LISTED RECORDS:
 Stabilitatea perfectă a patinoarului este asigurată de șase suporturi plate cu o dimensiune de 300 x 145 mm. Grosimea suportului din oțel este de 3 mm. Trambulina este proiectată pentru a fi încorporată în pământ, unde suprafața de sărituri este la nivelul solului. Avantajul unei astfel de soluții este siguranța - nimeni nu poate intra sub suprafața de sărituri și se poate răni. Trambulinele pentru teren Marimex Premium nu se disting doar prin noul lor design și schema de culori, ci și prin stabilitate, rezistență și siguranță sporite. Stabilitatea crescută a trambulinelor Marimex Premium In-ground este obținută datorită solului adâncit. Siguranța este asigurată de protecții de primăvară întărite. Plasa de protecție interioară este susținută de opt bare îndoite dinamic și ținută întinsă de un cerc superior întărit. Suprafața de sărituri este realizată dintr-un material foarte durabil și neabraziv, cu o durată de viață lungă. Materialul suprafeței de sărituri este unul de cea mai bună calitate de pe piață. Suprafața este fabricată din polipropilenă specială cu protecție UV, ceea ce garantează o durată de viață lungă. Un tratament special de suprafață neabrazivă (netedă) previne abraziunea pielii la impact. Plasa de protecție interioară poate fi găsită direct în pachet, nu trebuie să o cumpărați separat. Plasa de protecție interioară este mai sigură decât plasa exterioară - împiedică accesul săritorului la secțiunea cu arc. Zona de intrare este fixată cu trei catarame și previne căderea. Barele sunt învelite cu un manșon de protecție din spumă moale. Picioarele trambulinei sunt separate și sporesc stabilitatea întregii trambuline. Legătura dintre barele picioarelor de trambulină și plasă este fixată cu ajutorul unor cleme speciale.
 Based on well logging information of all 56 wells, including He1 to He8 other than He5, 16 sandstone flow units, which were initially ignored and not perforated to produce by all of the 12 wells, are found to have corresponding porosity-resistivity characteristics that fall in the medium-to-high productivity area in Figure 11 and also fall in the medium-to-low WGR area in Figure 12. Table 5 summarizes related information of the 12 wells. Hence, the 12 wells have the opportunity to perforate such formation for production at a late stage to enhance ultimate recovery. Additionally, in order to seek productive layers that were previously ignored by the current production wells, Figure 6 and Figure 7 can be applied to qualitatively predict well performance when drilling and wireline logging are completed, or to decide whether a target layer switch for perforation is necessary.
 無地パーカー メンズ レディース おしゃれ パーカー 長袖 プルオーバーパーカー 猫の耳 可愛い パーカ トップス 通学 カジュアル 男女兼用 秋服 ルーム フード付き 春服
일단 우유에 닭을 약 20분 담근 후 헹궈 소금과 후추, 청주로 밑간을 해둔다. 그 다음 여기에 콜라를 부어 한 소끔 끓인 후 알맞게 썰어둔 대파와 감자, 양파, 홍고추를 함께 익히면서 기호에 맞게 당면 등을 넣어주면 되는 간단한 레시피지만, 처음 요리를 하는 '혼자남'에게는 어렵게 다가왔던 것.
--
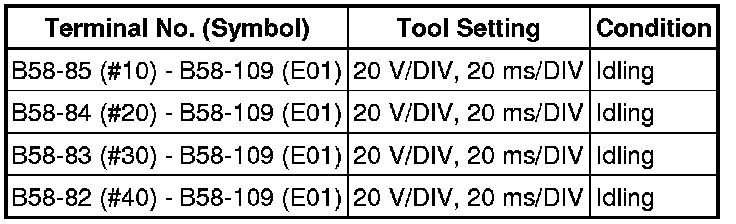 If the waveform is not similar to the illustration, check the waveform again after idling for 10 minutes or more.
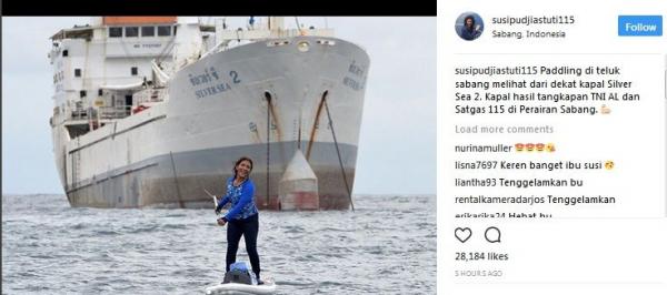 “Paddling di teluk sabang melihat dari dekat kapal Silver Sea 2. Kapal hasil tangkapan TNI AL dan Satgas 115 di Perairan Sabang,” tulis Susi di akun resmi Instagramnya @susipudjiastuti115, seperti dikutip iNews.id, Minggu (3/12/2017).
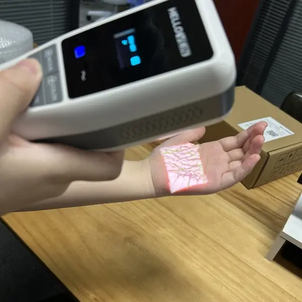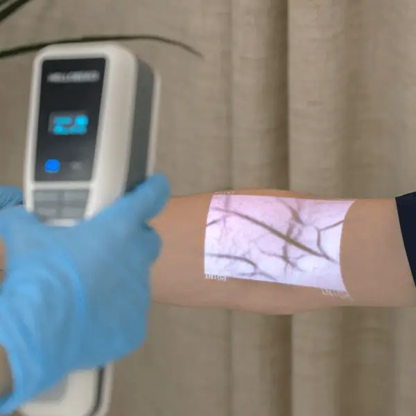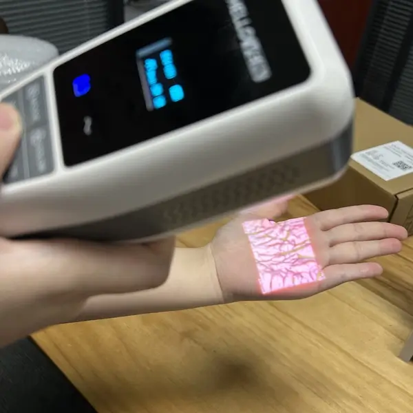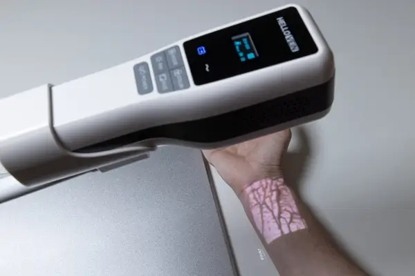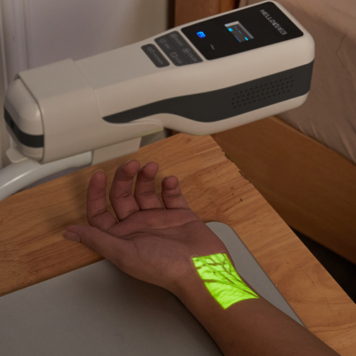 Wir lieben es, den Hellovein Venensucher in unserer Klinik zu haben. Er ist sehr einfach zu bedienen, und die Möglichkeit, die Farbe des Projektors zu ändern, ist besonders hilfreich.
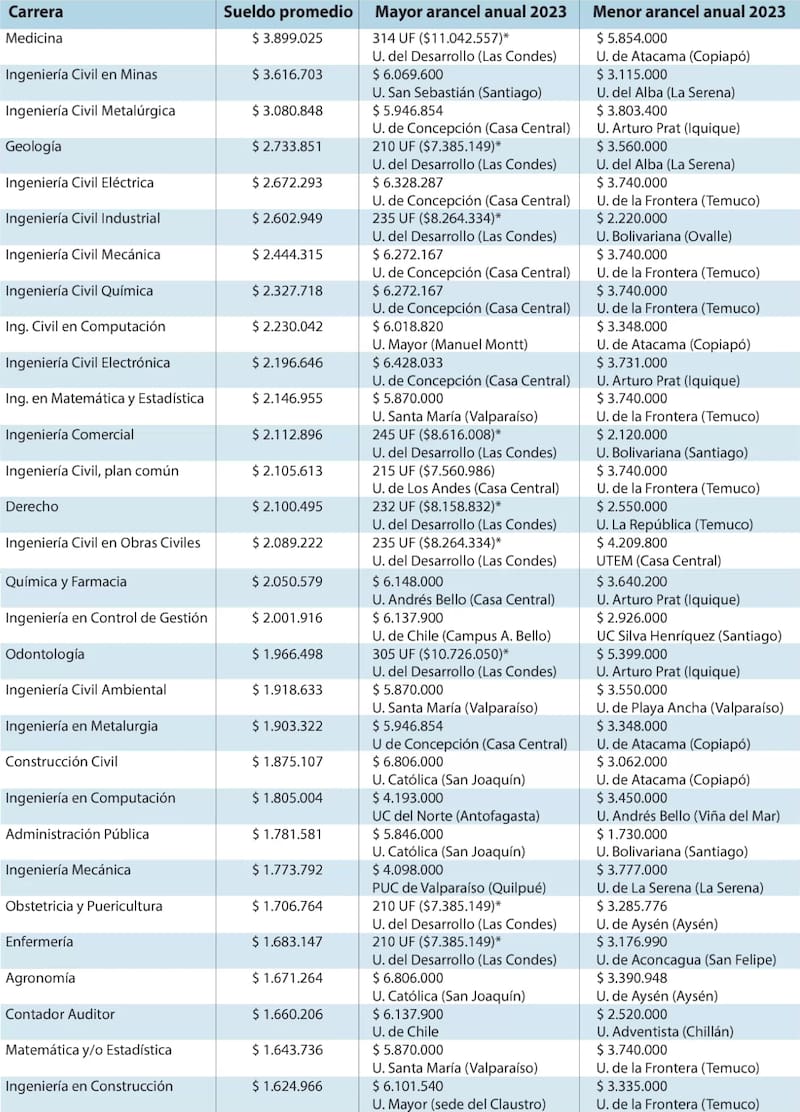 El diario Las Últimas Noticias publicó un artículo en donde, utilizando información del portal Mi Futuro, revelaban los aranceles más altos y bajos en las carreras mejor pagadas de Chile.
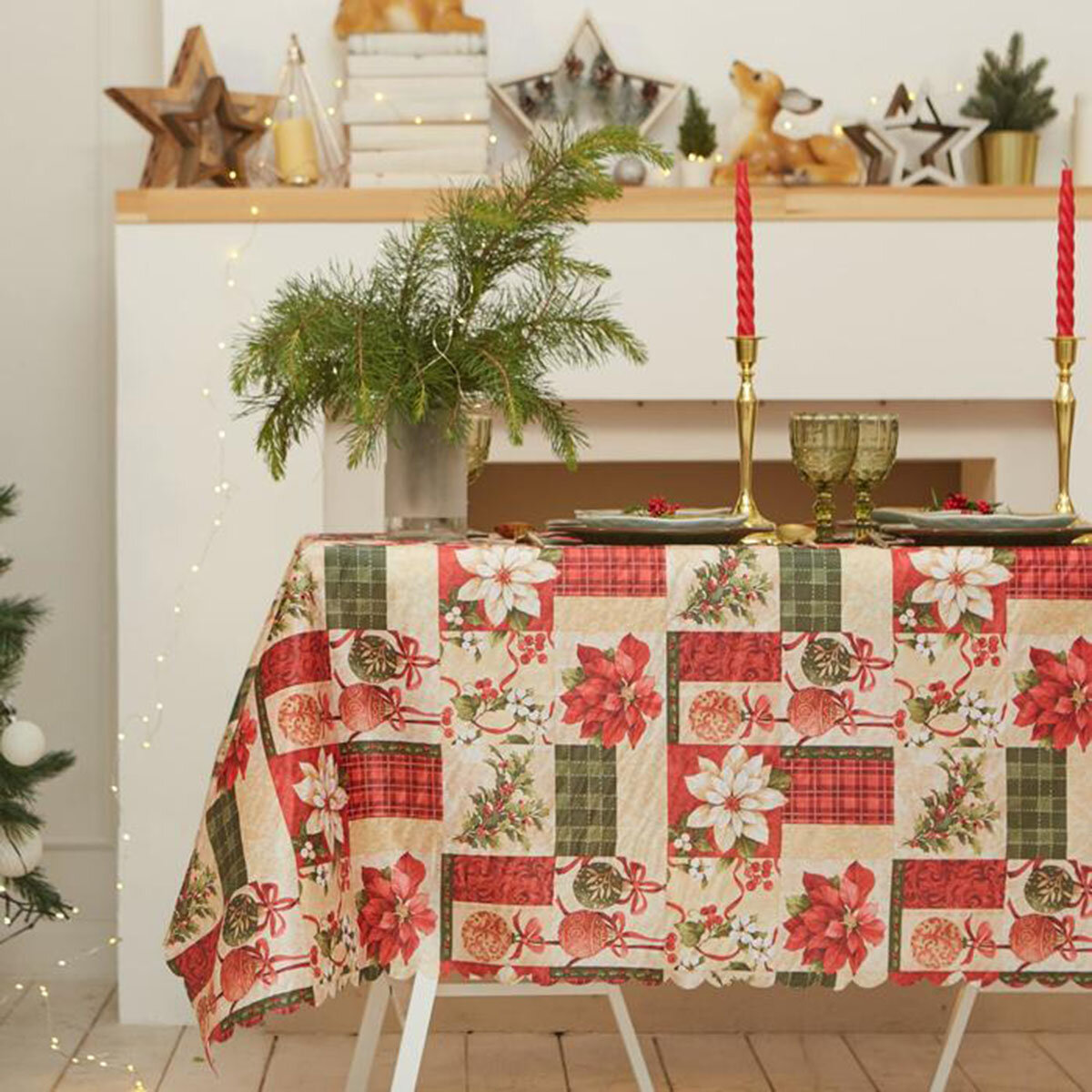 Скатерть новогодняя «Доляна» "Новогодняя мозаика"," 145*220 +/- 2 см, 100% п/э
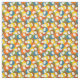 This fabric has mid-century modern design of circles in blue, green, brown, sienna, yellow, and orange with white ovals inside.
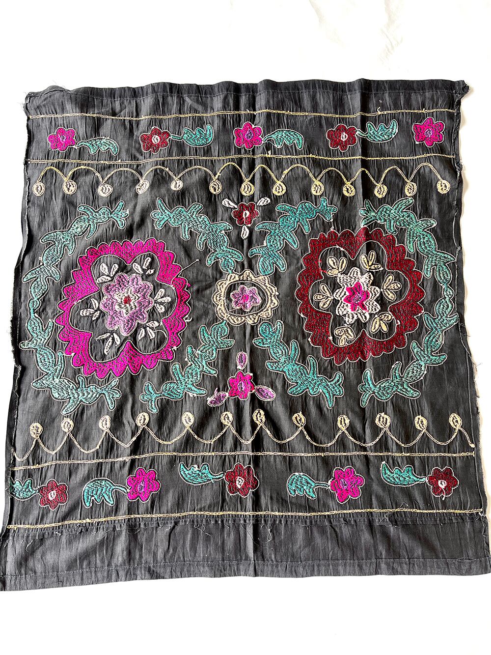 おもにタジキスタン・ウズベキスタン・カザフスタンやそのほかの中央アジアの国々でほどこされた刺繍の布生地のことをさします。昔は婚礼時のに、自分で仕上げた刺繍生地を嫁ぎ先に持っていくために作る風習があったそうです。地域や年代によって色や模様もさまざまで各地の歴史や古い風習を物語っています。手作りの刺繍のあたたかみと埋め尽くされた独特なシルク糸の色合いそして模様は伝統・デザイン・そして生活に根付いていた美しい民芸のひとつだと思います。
* * *
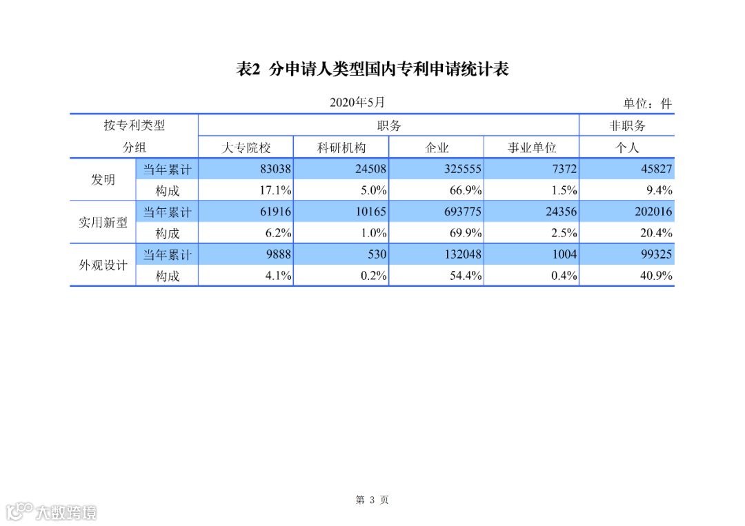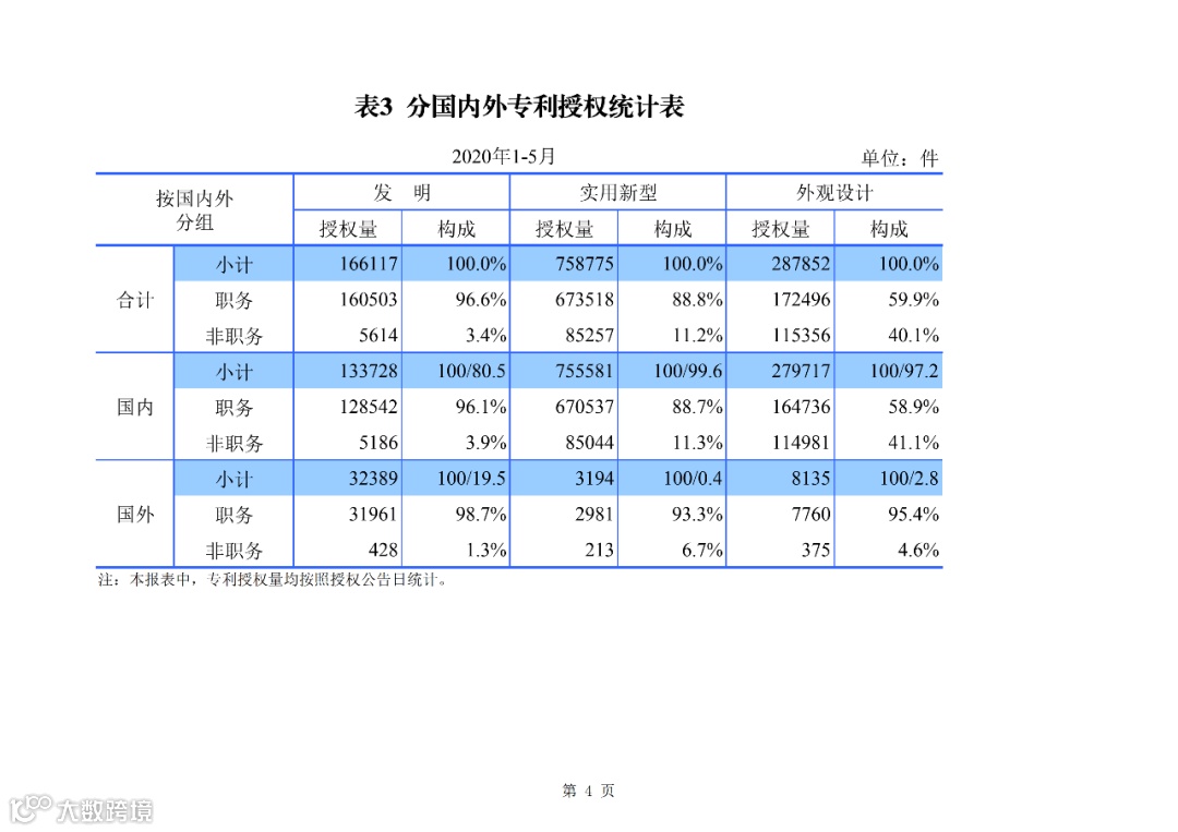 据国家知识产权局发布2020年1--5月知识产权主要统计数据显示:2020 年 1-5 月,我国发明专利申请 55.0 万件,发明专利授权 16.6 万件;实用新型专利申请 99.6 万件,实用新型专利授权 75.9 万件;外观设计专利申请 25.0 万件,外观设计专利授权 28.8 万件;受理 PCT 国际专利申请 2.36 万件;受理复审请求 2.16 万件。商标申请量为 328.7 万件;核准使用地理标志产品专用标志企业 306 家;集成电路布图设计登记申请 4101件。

EXERCISE:
Return a word-for-word copy of the lines above from the one holding "Based on well" through the one holding "일단 우유에 닭을 약", with both of them included and nothing besides.

SOLUTION TO THIS EXERCISE:
 Based on well logging information of all 56 wells, including He1 to He8 other than He5, 16 sandstone flow units, which were initially ignored and not perforated to produce by all of the 12 wells, are found to have corresponding porosity-resistivity characteristics that fall in the medium-to-high productivity area in Figure 11 and also fall in the medium-to-low WGR area in Figure 12. Table 5 summarizes related information of the 12 wells. Hence, the 12 wells have the opportunity to perforate such formation for production at a late stage to enhance ultimate recovery. Additionally, in order to seek productive layers that were previously ignored by the current production wells, Figure 6 and Figure 7 can be applied to qualitatively predict well performance when drilling and wireline logging are completed, or to decide whether a target layer switch for perforation is necessary.
 無地パーカー メンズ レディース おしゃれ パーカー 長袖 プルオーバーパーカー 猫の耳 可愛い パーカ トップス 通学 カジュアル 男女兼用 秋服 ルーム フード付き 春服
일단 우유에 닭을 약 20분 담근 후 헹궈 소금과 후추, 청주로 밑간을 해둔다. 그 다음 여기에 콜라를 부어 한 소끔 끓인 후 알맞게 썰어둔 대파와 감자, 양파, 홍고추를 함께 익히면서 기호에 맞게 당면 등을 넣어주면 되는 간단한 레시피지만, 처음 요리를 하는 '혼자남'에게는 어렵게 다가왔던 것.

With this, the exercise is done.